Esai
Filosofi Al-Bayān Sebagai Metodologi
Persinggungan kita dengan ungkapan dan teks pertama-tama adalah persinggungan kita dengan ‘konsep’. Suara, huruf, kata, leksikon, kalimat, dan paragraf—adalah keniscayaan linguistik yang tidak perlu dipertanyakan lagi.
Membicarakan teks tidak sama dengan membicarakan konsep, meskipun suatu teks tak mungkin telanjang dari konsep. Dalam hal ini kita perlu membedakan antara dua studi dalam tradisi linguistik.
Studi tentang bahasa dibagi berdasarkan dua taraf: (i) semantik, dan (ii) semiotik. Semantik berurusan dengan makna, sementara semiotika berurusan dengan tanda.
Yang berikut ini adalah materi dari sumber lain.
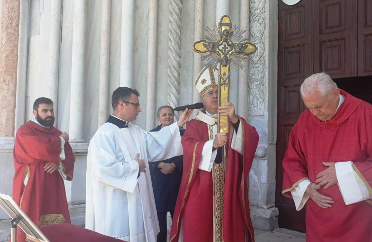 ha offerto l’omaggio floreale a San Ciriaco. Secondo quanto riferito dall’arcidiocesi, per la prima volta è stato suonato e cantato l’inno a San Ciriaco, eseguito dalla Cappella musicale San Ciriaco e composto dallo stesso arcivescovo che nell’omelia ha ricordato il significato della Croce di Cristo e che “La testimonianza che oggi ci viene richiesta è la compassione verso tutti, specialmente verso coloro che sono segnati dalla povertà, dalla malattia e dal dolore. Abbiamo bisogno di una Chiesa che parli fluentemente il linguaggio della carità, idioma universale che tutti ascoltano e comprendono, anche i più lontani, anche coloro che non credono”. Da qui l’appello: “Sia questa città di Ancona, città di storia, di cultura, di beati, città viva, porta di Oriente, via della pace, attenta alle nuove povertà, alcune purtroppo, di carattere strutturale.  Tante famiglie non hanno il minimo necessario in termini di beni e di servizi per vivere dignitosamente: cibo, casa, utenze domestiche, lavoro, sanità. È dalla croce di Cristo salvatore che attingiamo la forza e la speranza per un nuovo umanesimo. La politica nasce dalla città, dalla polis, dalla passione concreta per il vivere insieme garantendo diritti e rispettando doveri. Ci sia l’impegno di tutti a promuovere una ecologia ambientale: custodiamo il nostro mare. Questa città ha una particolarità: vede sorgere il sole dal mare e tramontare sul mare. Promuoviamo ogni giorno una ecologia umana con l’apertura agli altri, facendo accoglienza, prendendoci cura gli uni degli altri. San Ciriaco ancora una volta ci guidi ad abbracciare la croce gloriosa di Cristo salvatore, unica speranza, da cui attingere forza per un autentico umanesimo”.  Al termine della Messa, sul sagrato della Cattedrale, l’arcivescovo ha impartito la benedizione con il reliquiario, contenente un frammento della croce di Cristo e la reliquia del santo.

Dalam semantik, tingkat pertama mempelajari tentang kata, yaitu dalam ilmu morfologi; tingkatan kedua mempelajari tentang struktur kalimat, yaitu dalam ilmu sintaksis; sementara tingkat ketiga mempelajari tentang konteks kalimat, yaitu dalam ilmu retorika (balāgah).
Dalam semiotik, tanda dipelajari tidak hanya dalam konteks terbatasnya semantik, yakni mencari makna melalui sejarah ‘pemaknaan’, melainkan menjajarkan tanda melalui struktur pembangunnya.
Oleh sebab itu, semiotika tidak hanya berbicara bahasa oral dan tekstual sebagai objek kajian, akan tetapi semua tanda yang dapat merujuk kepada suatu konsep. Kata maupun tanda sama-sama memuat konsep. Dan konsep inilah yang dapat memerantarai antara semantik dan semiotik.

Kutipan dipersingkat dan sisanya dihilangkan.